WORK REQUEST:
Reproduce the lines below exactly, from the one containing "A sweet basic, perfect" through the one containing "Syntetická silnovrstvá lazura", both included. Leave out any pictures.

THE DATA:

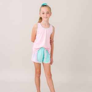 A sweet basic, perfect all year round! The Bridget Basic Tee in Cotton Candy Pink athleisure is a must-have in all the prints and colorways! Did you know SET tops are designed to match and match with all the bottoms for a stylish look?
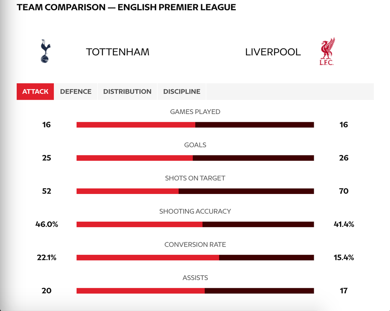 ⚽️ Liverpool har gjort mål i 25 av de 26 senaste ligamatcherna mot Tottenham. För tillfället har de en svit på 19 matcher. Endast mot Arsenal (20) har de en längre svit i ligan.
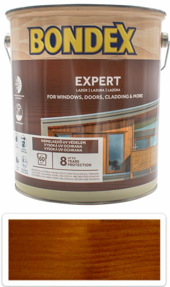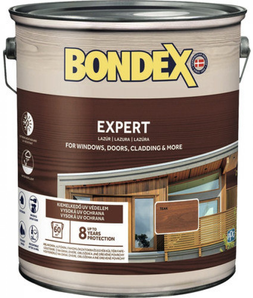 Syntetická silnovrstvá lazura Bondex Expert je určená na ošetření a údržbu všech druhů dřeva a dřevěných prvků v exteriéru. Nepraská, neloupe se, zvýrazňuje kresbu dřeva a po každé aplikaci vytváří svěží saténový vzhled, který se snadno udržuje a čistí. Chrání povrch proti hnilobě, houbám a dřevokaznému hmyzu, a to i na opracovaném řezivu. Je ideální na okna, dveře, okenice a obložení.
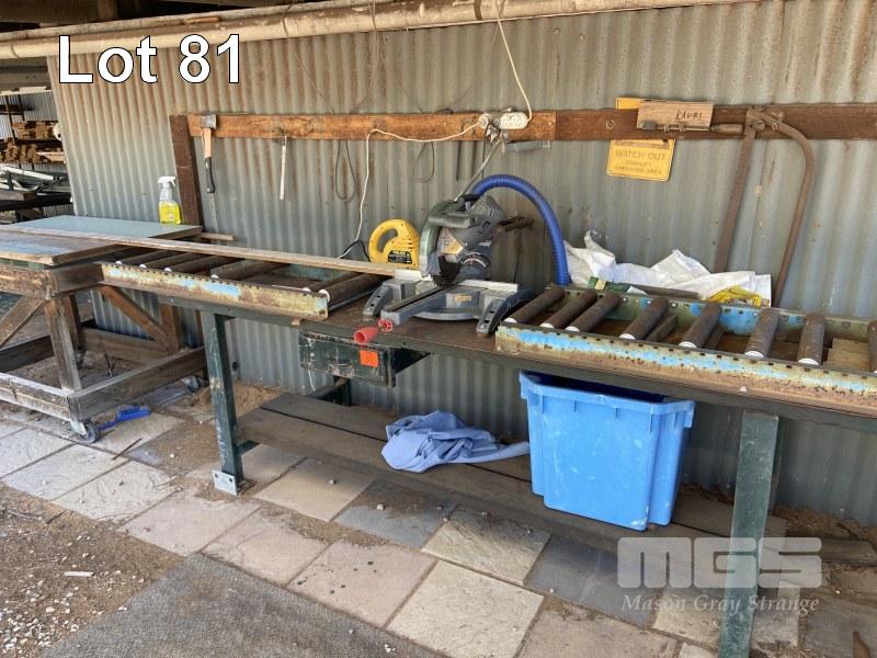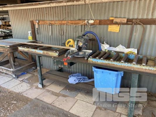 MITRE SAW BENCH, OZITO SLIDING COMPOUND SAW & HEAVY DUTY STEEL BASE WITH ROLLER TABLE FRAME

---

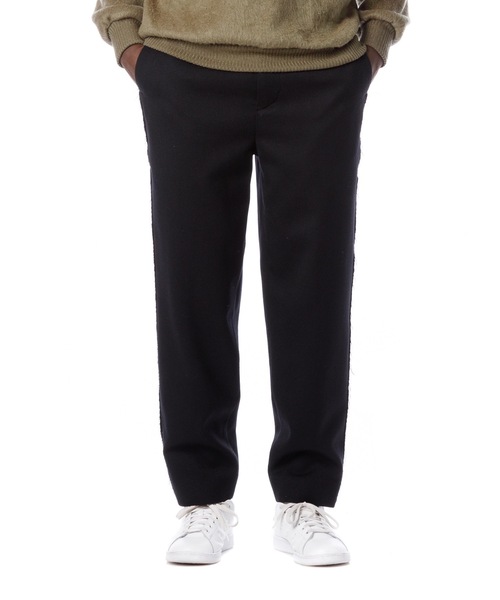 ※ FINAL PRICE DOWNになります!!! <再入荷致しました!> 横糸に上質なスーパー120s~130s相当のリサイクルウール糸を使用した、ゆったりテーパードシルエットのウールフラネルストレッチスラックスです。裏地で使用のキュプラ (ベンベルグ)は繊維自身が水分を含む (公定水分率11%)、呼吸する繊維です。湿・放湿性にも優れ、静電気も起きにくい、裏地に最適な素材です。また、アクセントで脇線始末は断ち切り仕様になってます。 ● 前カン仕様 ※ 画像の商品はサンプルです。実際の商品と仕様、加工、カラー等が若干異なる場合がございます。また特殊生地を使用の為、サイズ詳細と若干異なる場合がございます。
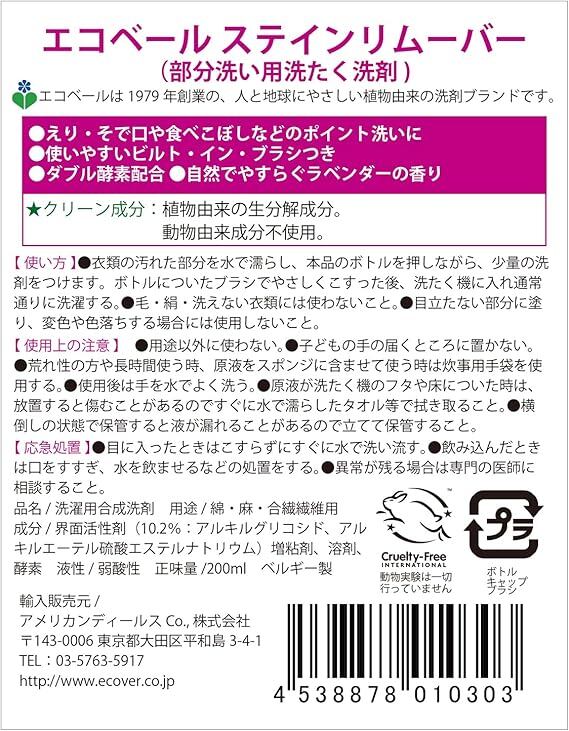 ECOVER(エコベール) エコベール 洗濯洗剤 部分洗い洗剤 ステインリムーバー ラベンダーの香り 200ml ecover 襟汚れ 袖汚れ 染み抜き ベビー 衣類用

RESPONSE:
 A sweet basic, perfect all year round! The Bridget Basic Tee in Cotton Candy Pink athleisure is a must-have in all the prints and colorways! Did you know SET tops are designed to match and match with all the bottoms for a stylish look?
 ⚽️ Liverpool har gjort mål i 25 av de 26 senaste ligamatcherna mot Tottenham. För tillfället har de en svit på 19 matcher. Endast mot Arsenal (20) har de en längre svit i ligan.
 Syntetická silnovrstvá lazura Bondex Expert je určená na ošetření a údržbu všech druhů dřeva a dřevěných prvků v exteriéru. Nepraská, neloupe se, zvýrazňuje kresbu dřeva a po každé aplikaci vytváří svěží saténový vzhled, který se snadno udržuje a čistí. Chrání povrch proti hnilobě, houbám a dřevokaznému hmyzu, a to i na opracovaném řezivu. Je ideální na okna, dveře, okenice a obložení.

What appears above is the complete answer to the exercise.